What you will do »
Leave out the pictures and repeat the data exactly.

++++ Dataset records ++++

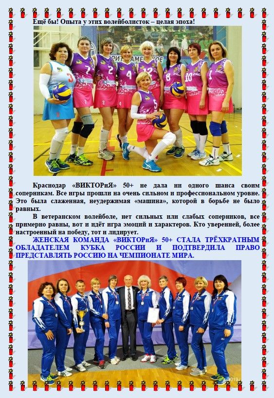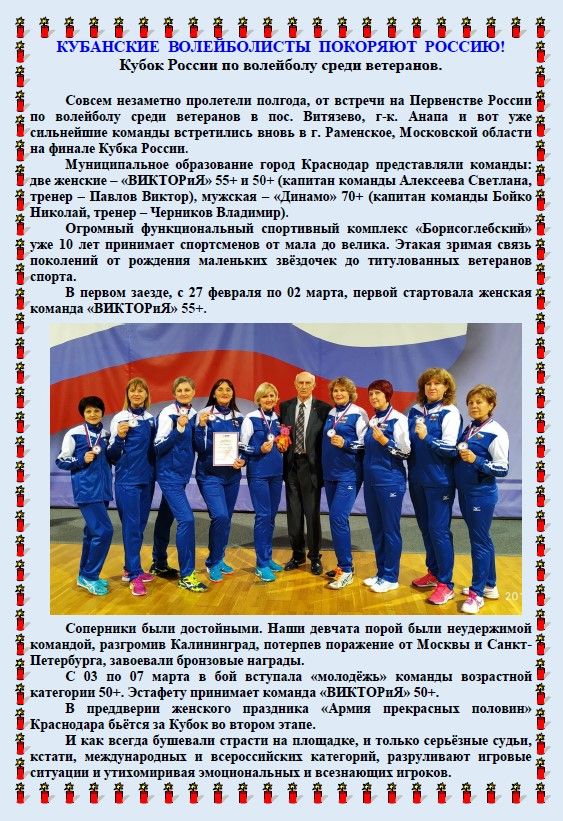 Женская команда «ВИКТОРиЯ» 50+ стала трёхкратным обладателем Кубка России и получила право представлять Россию на Чемпионате Мира.
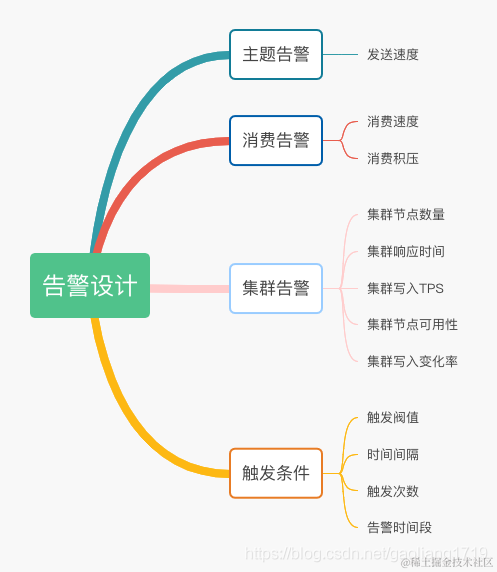 下图分别从主题、消费组、集群维度罗列了比较重要的告警项以及触发条件包括哪些方面。
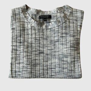 This stylish, ribbed sweater, crafted from 100% merino wool, offers luxurious comfort and timeless appeal. Perfect for layering, its soft texture and classic design make it a staple for every wardrobe. Size: Medium Measurements: PTP - 17"; Length 24" Colour: Grey & Black Fabric: 100% Merino Wool Additional Notes: New without tags. Non-smoker & pet free home.
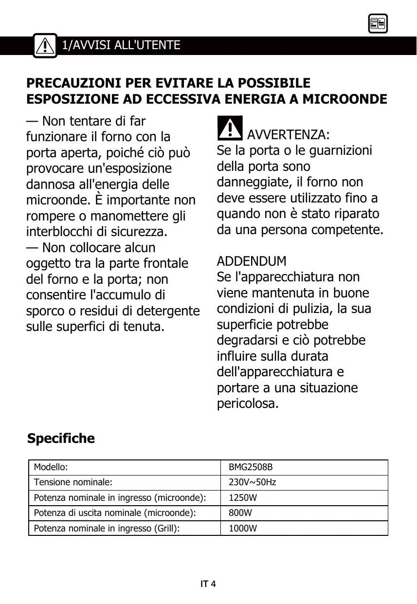 Scarica le istruzioni per il tuo Microonde in formato PDF gratuitamente! Trova il tuo manuale BMG2508B - BRANDT e riprendi in mano il tuo dispositivo elettronico. In questa pagina sono pubblicati tutti i documenti necessari per l'utilizzo del tuo dispositivo. BMG2508B del marchio BRANDT.
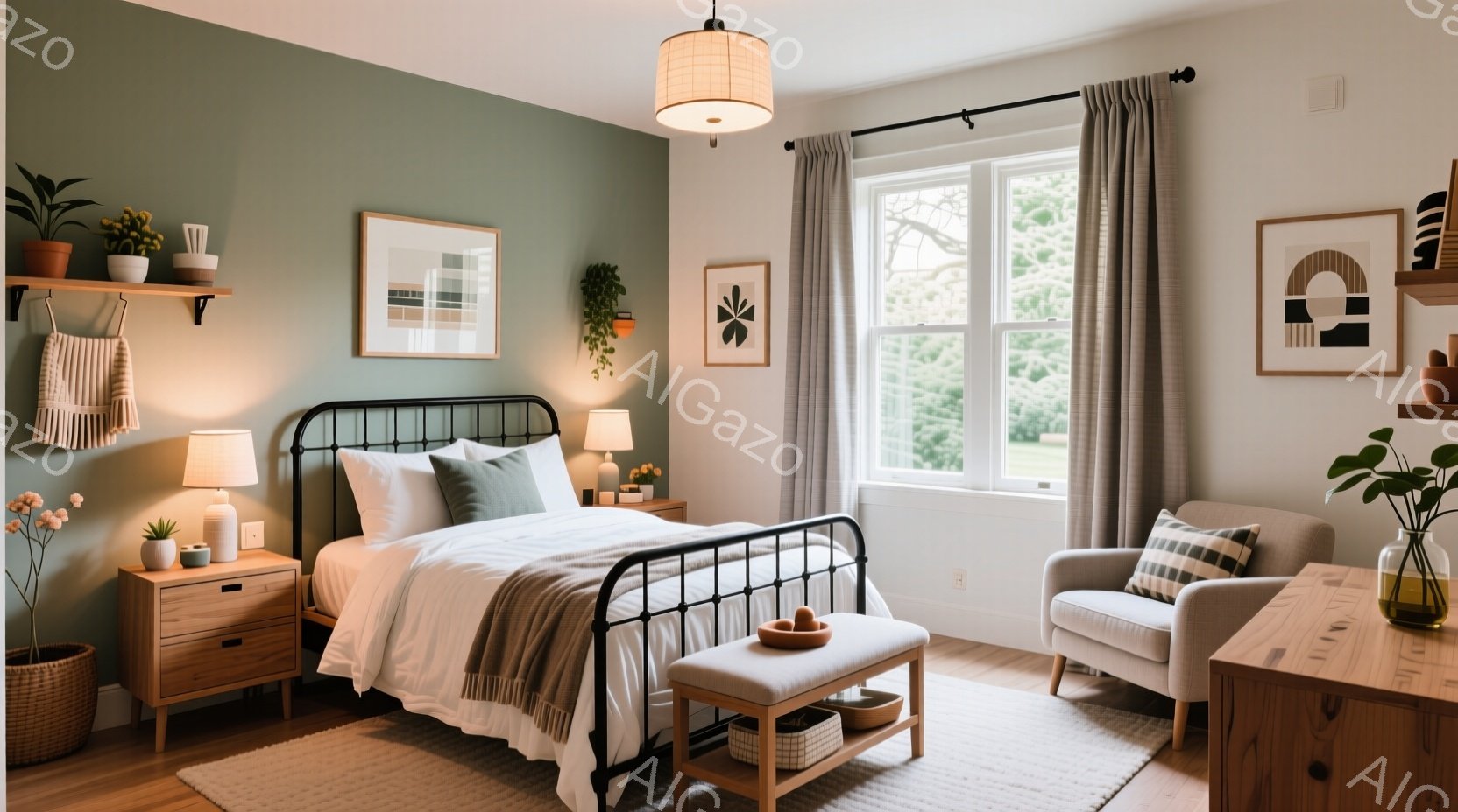 落ち着いた緑色の壁が印象的な寝室で、アンティーク調の黒いベッドが中心に配置されています。ベッドにはオフホワイトの寝具と、アースカラーのクッションやブランケットがコーディネートされ、自然な雰囲気を作り出しています。部屋全体には植物が飾られ、窓からは明るい屋外の景色が見え、リラックスできる穏やかな空間が演出されています。
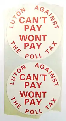 4. Wilde, Robert, "Community Charge / Poll Tax", About Education, archived from the original on 6 September 2015, retrieved 10 October 2015
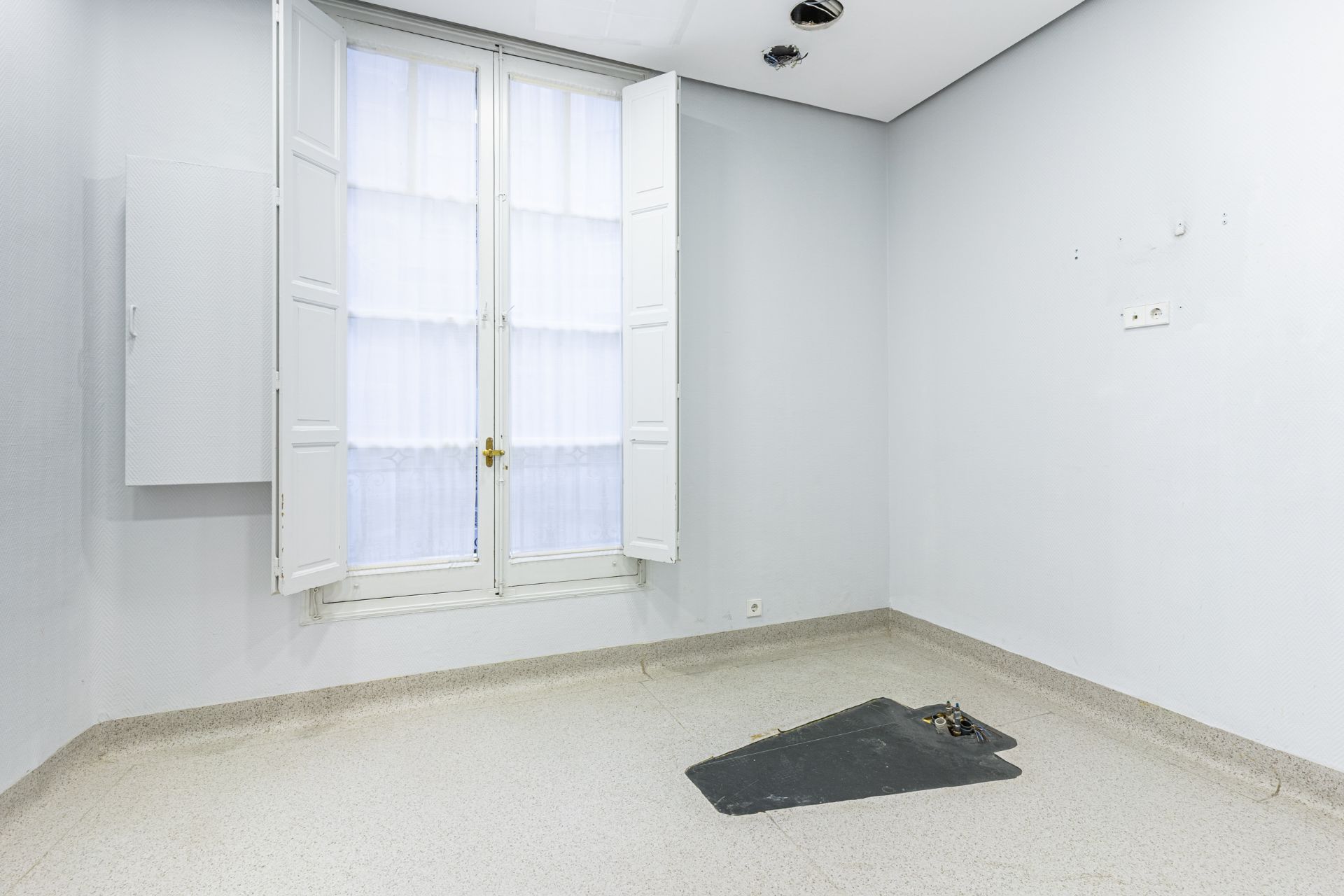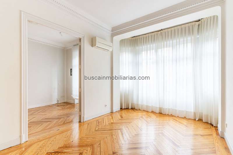 Accedemos a la vivienda por un amplio distribuidor que nos lleva a dos luminosas salas con preciosas molduras en sus altos techos y hermosas ventanas que dan a la calle. Un pasillo conecta con la zona de habitaciones, que se distribuyen en torno a un cuidado y espacioso patio. Esta distribución singular proporciona una flexibilidad notable en la reforma, ya que anteriormente, parte de las habitaciones eran utilizadas como salas de una clínica, permitiendo así múltiples opciones de diseño.

++++

Response »
 Женская команда «ВИКТОРиЯ» 50+ стала трёхкратным обладателем Кубка России и получила право представлять Россию на Чемпионате Мира.
 下图分别从主题、消费组、集群维度罗列了比较重要的告警项以及触发条件包括哪些方面。
 This stylish, ribbed sweater, crafted from 100% merino wool, offers luxurious comfort and timeless appeal. Perfect for layering, its soft texture and classic design make it a staple for every wardrobe. Size: Medium Measurements: PTP - 17"; Length 24" Colour: Grey & Black Fabric: 100% Merino Wool Additional Notes: New without tags. Non-smoker & pet free home.
 Scarica le istruzioni per il tuo Microonde in formato PDF gratuitamente! Trova il tuo manuale BMG2508B - BRANDT e riprendi in mano il tuo dispositivo elettronico. In questa pagina sono pubblicati tutti i documenti necessari per l'utilizzo del tuo dispositivo. BMG2508B del marchio BRANDT.
 落ち着いた緑色の壁が印象的な寝室で、アンティーク調の黒いベッドが中心に配置されています。ベッドにはオフホワイトの寝具と、アースカラーのクッションやブランケットがコーディネートされ、自然な雰囲気を作り出しています。部屋全体には植物が飾られ、窓からは明るい屋外の景色が見え、リラックスできる穏やかな空間が演出されています。
 4. Wilde, Robert, "Community Charge / Poll Tax", About Education, archived from the original on 6 September 2015, retrieved 10 October 2015
 Accedemos a la vivienda por un amplio distribuidor que nos lleva a dos luminosas salas con preciosas molduras en sus altos techos y hermosas ventanas que dan a la calle. Un pasillo conecta con la zona de habitaciones, que se distribuyen en torno a un cuidado y espacioso patio. Esta distribución singular proporciona una flexibilidad notable en la reforma, ya que anteriormente, parte de las habitaciones eran utilizadas como salas de una clínica, permitiendo así múltiples opciones de diseño.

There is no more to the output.